I guess the main overriding idea I want to put out there is that the CongoCC project should evolve towards becoming less monolithic.

For example, we have the examples directory which contains fully functional parsers for Java, Python, C#, and Lua. These things are really quite complete and robust and potentially quite useful to people out there. However, very few (hardly any) people are getting any benefit from this, and that is surely for a very basic reason:

They don't know that this body of work exists!

I think that is generally the case, but I would add that, even when they do know that it exists -- for example, that CongoCC contains within it a fully functional Java parser that anybody can use -- they don't really know how to leverage that.

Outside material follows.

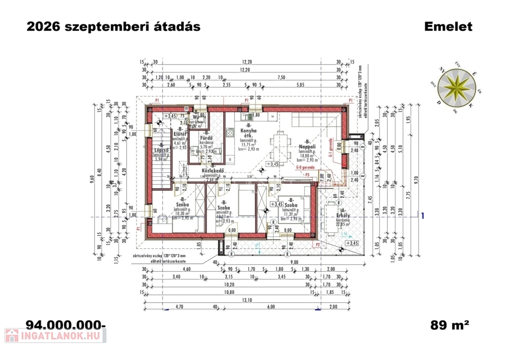 - Tágas, amerikai konyhás nappaliból nyílik a 22 nm-es, L alakban körbejárható ERKÉLY
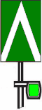 | Endsignal Langsamfahrstelle | Eine rechteckige grüne Tafel mit einem nach oben zeigenden weißen Winkel. | Mit diesem Signal endet die Geschwindigkeitsbeschränkung, sobald das letzte Fahrzeug am Signal vorbeigefahren ist. Bei Dunkelheit blinkt eine am Mast angebrachte grüne Lampe. |

Now, for one thing, the Java parser (which is just one specific case), even though it lives in the examples directory, is not really just an "example". It is actually an integral part of the overall CongoCC tool. It is not any sort of toy example either. (Actually, as a pedagogical example for a CongoCC neophyte, the Java grammar is surely way too big and complex.) This really is a complete, robust parser for the Java language! Well, again, the bottom line is that there are surely plenty of people out there who are not in the market for a parser generator, but would really like to have a fully correct parser for the Java language that they could leverage in their own work. However, they don't know that this even exists!

I would have to admit that my thinking is still a bit wooly-minded on this, but I really think we should see our way to packaging the Java parser as a separate project (or sub-project, if you will...) that can be used on its own.

Of course, the same considerations would also apply to the C# and Python parsers. The Lua parser is a bit different because we don't have any goal of generating parsers in Lua itself. Also, the Lua language is quite a bit smaller really than the other languages, so simply presenting the Lua grammar as a relatively small example that people can study makes more sense in that case. (Though there is the same point that it is also a complete useful tool in itself, not just a toy example.) But, regardless, in the case of the Java/C#/Python troika, I think that packaging them as separate projects (or sub-projects) really could be appealing.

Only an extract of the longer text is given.